■ **Task requirements**
There are pictures in the records below; leave them out and set down exactly the lines from the one holding "Knitted Cernucci Back" through the one holding "A fazendinha Poliplac".
Supplied data START
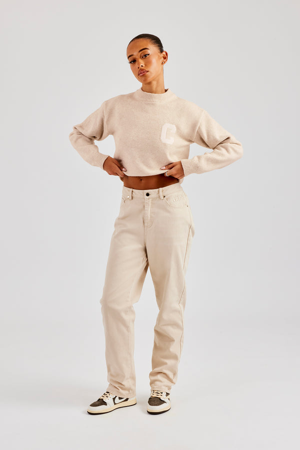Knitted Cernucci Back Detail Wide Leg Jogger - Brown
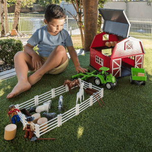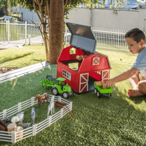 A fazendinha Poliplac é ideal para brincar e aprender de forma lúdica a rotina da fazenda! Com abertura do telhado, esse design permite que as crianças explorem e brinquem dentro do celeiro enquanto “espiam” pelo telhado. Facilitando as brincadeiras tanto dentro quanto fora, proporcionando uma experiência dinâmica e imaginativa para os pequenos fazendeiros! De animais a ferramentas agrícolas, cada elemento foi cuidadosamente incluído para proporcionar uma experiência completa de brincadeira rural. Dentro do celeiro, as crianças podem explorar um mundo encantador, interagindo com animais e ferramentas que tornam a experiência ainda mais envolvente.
Supplied data END
Supplied data START
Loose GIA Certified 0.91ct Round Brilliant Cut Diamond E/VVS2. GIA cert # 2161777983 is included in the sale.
Supplied data END
■ **Expected output**
Knitted Cernucci Back Detail Wide Leg Jogger - Brown
 A fazendinha Poliplac é ideal para brincar e aprender de forma lúdica a rotina da fazenda! Com abertura do telhado, esse design permite que as crianças explorem e brinquem dentro do celeiro enquanto “espiam” pelo telhado. Facilitando as brincadeiras tanto dentro quanto fora, proporcionando uma experiência dinâmica e imaginativa para os pequenos fazendeiros! De animais a ferramentas agrícolas, cada elemento foi cuidadosamente incluído para proporcionar uma experiência completa de brincadeira rural. Dentro do celeiro, as crianças podem explorar um mundo encantador, interagindo com animais e ferramentas que tornam a experiência ainda mais envolvente.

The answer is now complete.